#### Dataset extract

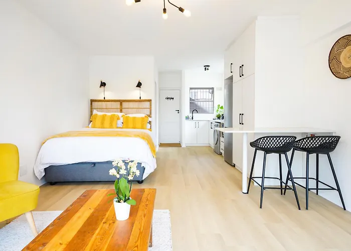 O Sunny Studio With Ocean Views And Free Parking In Green Point está equipado com cozinha totalmente equipada. A paragem de autocarro Skye Way fica com fácil acesso para do apartamento de 1 quartos.
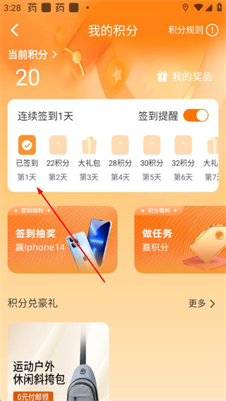 3、在我的积分页面完成每日签到,可获得对应积分。
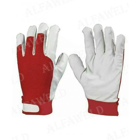 Puha színsertésbőr sofőrkesztyű piros pamut kézháttal, tépőzárral.
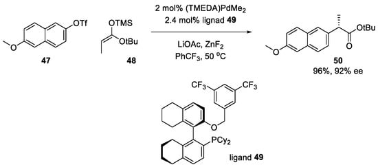 A similar approach was studied using Pd-mediated alkylation of silyl ketene acetal, as shown in Scheme 19 [73]. For this conversion, aryl triflate was used as the coupling reagent with a simple ketene acetal 48 in the presence of a Pd catalyst. More importantly, a chiral ligand 49 dominantly directs facial selectivity to produce the (S)-arylpropionic acid framework 50 [74]. This strategy also showed that other NSAIDs, such as (S)-fenoprofen, (S)-flurbiprofen, and (S)-ketoprofen, could be obtained in good chemical yield and stereoselectivity (>90% yield, >88% ee).
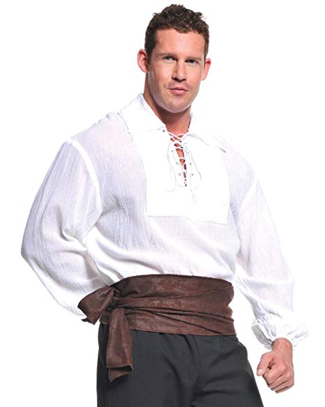Need to be a pirate and a renaissance lord the next? Then you need this shirt. This quality costume shirt has full sleeves, lace up chest and a nice collar. Sleeves have a velcro closure. This shirt can be used for many costumes and events. From Pirate Day to your local renaissance faire. Great for theatrical performances. Very well made. Standard size fits up to a 42-46 inch chest.
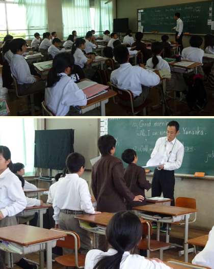 2限の授業の様子です。上から、2組、3組 体育、4組 英語 です。
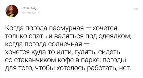 Жизнь - штука непростая. То и дело нам головы обрушиваются новые трудности. Но чтобы не приуныть окончательно, надо уметь смеяться над собой и улыбаться в лицо всем невзгодам назло. Собственно, именно так и делают авторы этих твитов.

########

The data above should be set down again exactly, with the pictures omitted.

→ **Solution to this problem**
 O Sunny Studio With Ocean Views And Free Parking In Green Point está equipado com cozinha totalmente equipada. A paragem de autocarro Skye Way fica com fácil acesso para do apartamento de 1 quartos.
 3、在我的积分页面完成每日签到,可获得对应积分。
 Puha színsertésbőr sofőrkesztyű piros pamut kézháttal, tépőzárral.
 A similar approach was studied using Pd-mediated alkylation of silyl ketene acetal, as shown in Scheme 19 [73]. For this conversion, aryl triflate was used as the coupling reagent with a simple ketene acetal 48 in the presence of a Pd catalyst. More importantly, a chiral ligand 49 dominantly directs facial selectivity to produce the (S)-arylpropionic acid framework 50 [74]. This strategy also showed that other NSAIDs, such as (S)-fenoprofen, (S)-flurbiprofen, and (S)-ketoprofen, could be obtained in good chemical yield and stereoselectivity (>90% yield, >88% ee).
Need to be a pirate and a renaissance lord the next? Then you need this shirt. This quality costume shirt has full sleeves, lace up chest and a nice collar. Sleeves have a velcro closure. This shirt can be used for many costumes and events. From Pirate Day to your local renaissance faire. Great for theatrical performances. Very well made. Standard size fits up to a 42-46 inch chest.
 2限の授業の様子です。上から、2組、3組 体育、4組 英語 です。
 Жизнь - штука непростая. То и дело нам головы обрушиваются новые трудности. Но чтобы не приуныть окончательно, надо уметь смеяться над собой и улыбаться в лицо всем невзгодам назло. Собственно, именно так и делают авторы этих твитов.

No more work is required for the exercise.